Covid may seem like the worst situation to happen among the plethora of problems arising in 2020, but Chee said that the people of Hawaiʻi must take advantage of this opportunity, take the losses and suffering now, and know that at least things will be better after the pandemic. With Hawai‘i branching away from tourism’s current form and creating more green and self-sustaining jobs such as Kupu’s new ʻĀina Corps program funded by the CARES Act, Chee said that this will hopefully incentivize people to stay in Hawaiʻi.

“Hawaiʻi is a complete failure when it comes to keeping youth here, providing us opportunity, and making us feel like we belong here… Part of the work I do is to change that,” Chee said. “Climate change is an intersectional issue. There are so many other issues that relate to climate change such as affordable housing, racism, cost of living, youth issues, and those all ultimately are contributing a piece to the current generation leaving the islands in search of a better future.”

He’s seen a hopeful trend in voter turnout with a total of 407,190 ballots statewide for the primary election in August 2020, according to the State Office of Elections.

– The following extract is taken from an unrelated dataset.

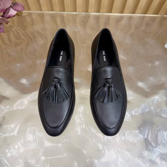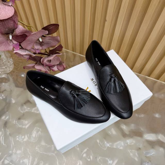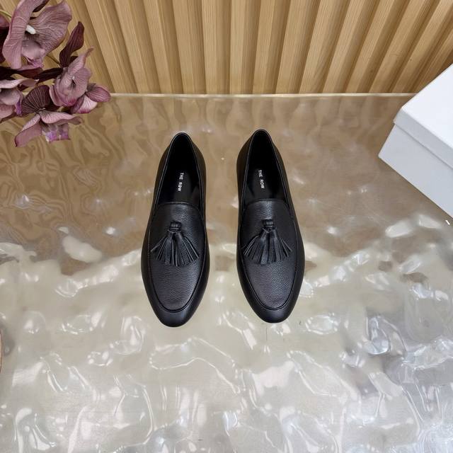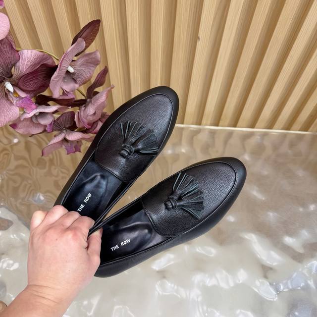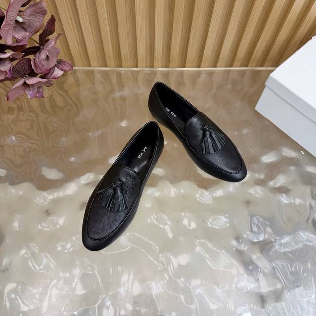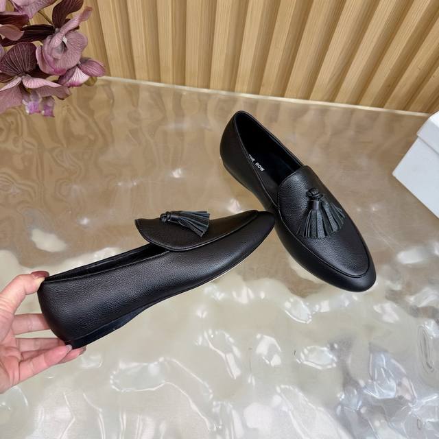 2025 New The Row ~ Retro and Stylish Tassel Loafers. A clever combination of simplicity and luxury, these shoes retain classic charm while maintaining a dignified and composed look. From the smooth lines of the shoe shape to the delicate craftsmanship of the outsole, every detail showcases the brand's dedication to quality. Whether paired with simple trousers or an elegant skirt, they add a touch of understated beauty and a touch of nobility. The upper is made of top-grade soft and delicate cashmere. The lining is made of soft sheepskin. The insole is also made of sheepskin-wrapped high-elastic latex, with stitching around the edges highlighting the aesthetics while enhancing comfort. Genuine leather outsole. Sizes: 35, 43, 40, 41, 42, 43 (custom sizes available ) .

Hawaiʻi News Now attributed this number to mail-in voting, but he attributed this turnout to Covid having revealed a lot of issues, incentivizing people to “go beyond the grumbling.”

Other people may not even have time to care about the election because they are struggling to put food on the table. For those who are working three jobs, are struggling to get by, and feel like they don’t have enough time for politics, Chee said to ask themselves, “Why am I too busy to be involved in government?” Electing someone who thinks that earning a livable wage from one job can change a person’s situation, particularly if they continue to be civically engaged.

Chee views the ideal Hawaiʻi as just and equitable, where youth being engaged in government is more common, and where the people of Hawaiʻi choose more sustainable decisions with the future in mind, easily balancing “the benefit of the now” and “the benefit of the future.” Although he could have ran for office to be a Waikīkī Neighborhood Board Member this year, he said that he still wants to be a local politician in the future.

“I want to be a politician that’s not known for being a politician, but rather a community advocate,” Chee said. “I want to be someone who champions what the needs of the community are first and challenges the status quo. I want to uphold Hawaiian values like aloha, lōkahi, and pono, and I truly mean them in their Hawaiian values, not as their meager English translations.”